O deputado federal Jorge Solla (PT-BA) manifestou forte oposição ao Projeto de Lei Antifacção, aprovado recentemente pela Câmara dos Deputados. Para o parlamentar, o texto representa um retrocesso nas políticas de enfrentamento ao crime organizado e favorece a impunidade de lideranças criminosas.

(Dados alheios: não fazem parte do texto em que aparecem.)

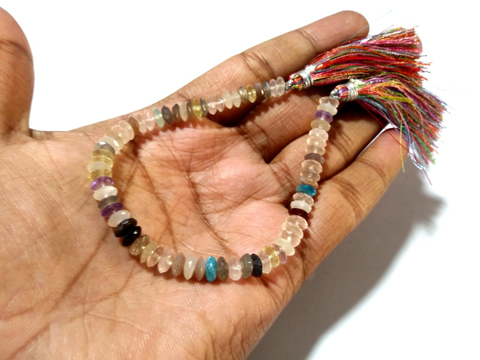 58Ct/70Pc Natural Multi Stone Rondelle 6-7mm Faceted Gemstone Beads 7.5Inch
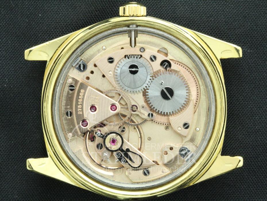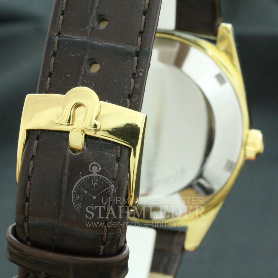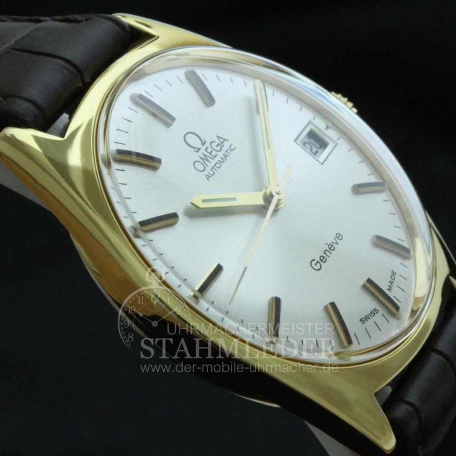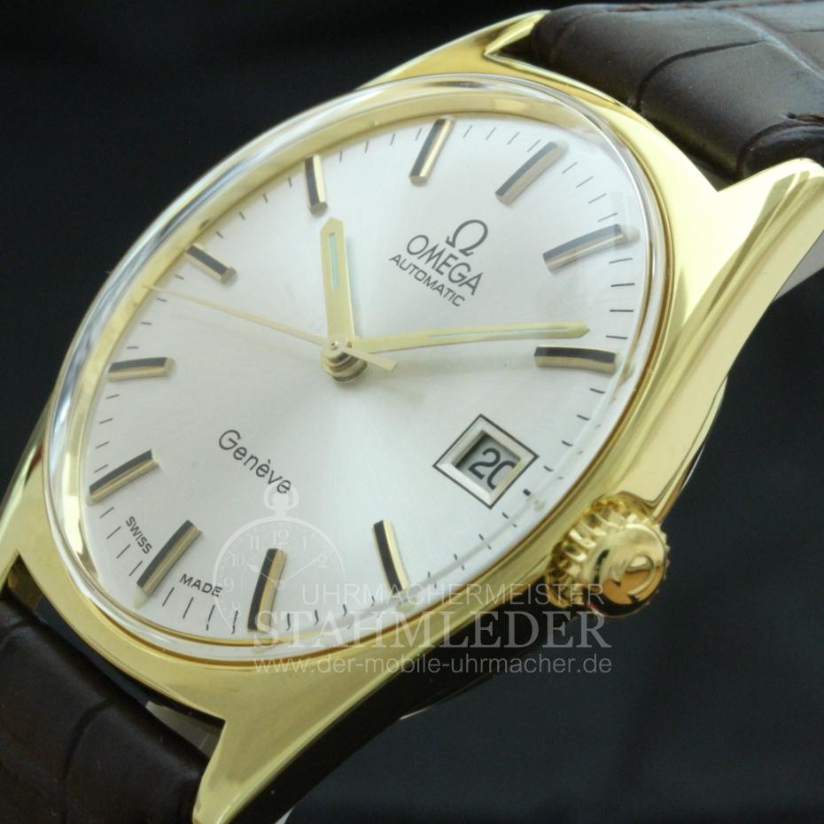 Zum Verkauf steht eine vergoldete Herrenuhr Omega Automatik Geneve inkl. eines kompletten Unterhaltsdienstes. Omega ist seit vielen Jahren bekannt für Qualität und Langlebigkeit. Im Inneren der Omega verrichtet das Automatik Cal. 565 seinen Dienst. Es wurde von 1966 bis 1969 gebaut. Das Besondere am Cal. 565 ist die Schnellschaltung des Kalenders. Die Krone in 1.Rastposition =Zeigerstellung. Zieht man die Krone in die 2 Position wird der Kalender weitergeschaltet bei jedem Ziehen. Aber wie immer Vorsicht !! Zwischen 21 Uhr und 6 Uhr die Schnellschaltung nicht bedienen !! Das Aufarbeiten des Gehäuse sowie ein neues dunkelbraunes Lederband mit original Dornenschließe von Omega sind inklusive.
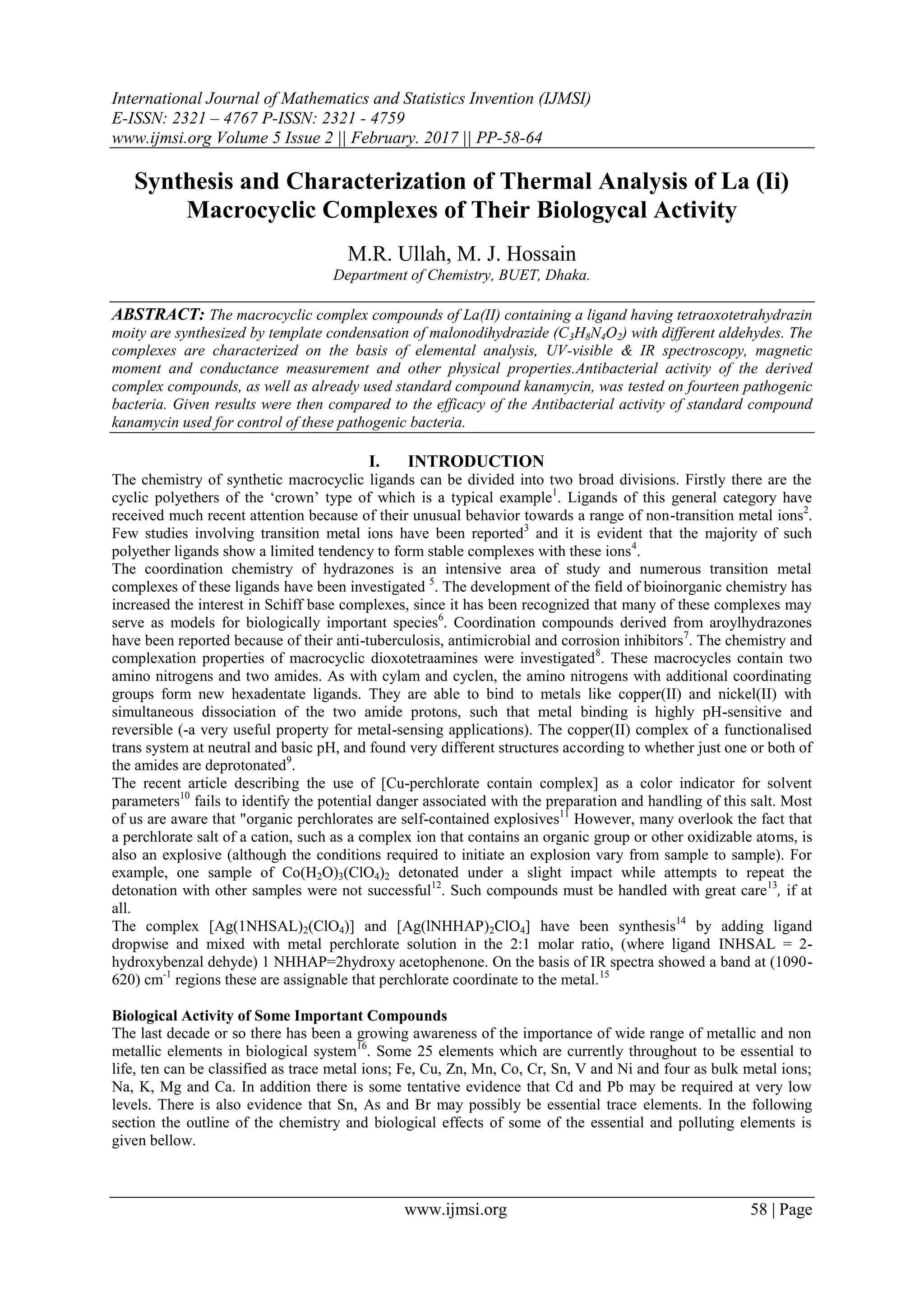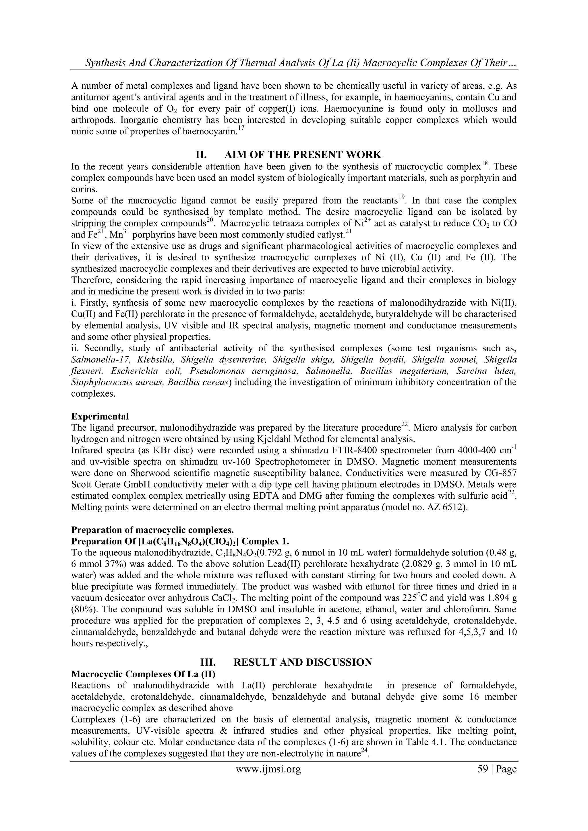 This document details the synthesis and characterization of La(II) macrocyclic complexes using malonodihydrazide and various aldehydes, evaluating their physical and biological properties. The complexes were analyzed through methods like elemental analysis, UV-visible, and IR spectroscopy, and their antibacterial activities were tested against several pathogenic bacteria. The study highlights the significance of such complexes in bioinorganic chemistry and their potential applications in medicine.

Em entrevista ao MundoBA, Solla afirmou que o projeto, relatado pelo deputado Guilherme Derrite (PP-SP), “enfraquece os órgãos de investigação e desmonta estruturas que vinham obtendo resultados expressivos no combate às facções”. Ele classificou a proposta como uma “nova versão da PEC da Bandidagem”, em referência à antiga PEC da Blindagem, rejeitada pelo Senado.

De acordo com o deputado, o PL reduz a capacidade de atuação da Polícia Federal, da Receita Federal e de outros órgãos de controle, dificultando o bloqueio e a apreensão de bens ligados a atividades criminosas. “O texto cria obstáculos para operações que vinham desarticulando redes financeiras do crime. É um golpe na inteligência e na eficiência das investigações”, criticou.

Solla também questionou a condução política da proposta e a escolha do relator. Segundo ele, o projeto original tinha como objetivo fortalecer o combate às facções, mas foi alterado para atender a interesses contrários à segurança pública. “Transformaram uma iniciativa de enfrentamento em um instrumento de proteção aos chefes do crime”, afirmou.

O parlamentar defende que o foco do combate ao crime deve estar no rastreamento do dinheiro e na interrupção das fontes de financiamento das organizações criminosas. “Não é prendendo o pequeno traficante que se vence essa guerra. É preciso atingir o patrimônio e as estruturas financeiras que sustentam o crime”, destacou.

Solla espera que o Senado Federal rejeite o texto e que a sociedade se mobilize contra o avanço da proposta. “Esse projeto não fortalece o Estado, ele o enfraquece. É preciso reagir antes que o país retroceda no combate ao crime organizado”, concluiu.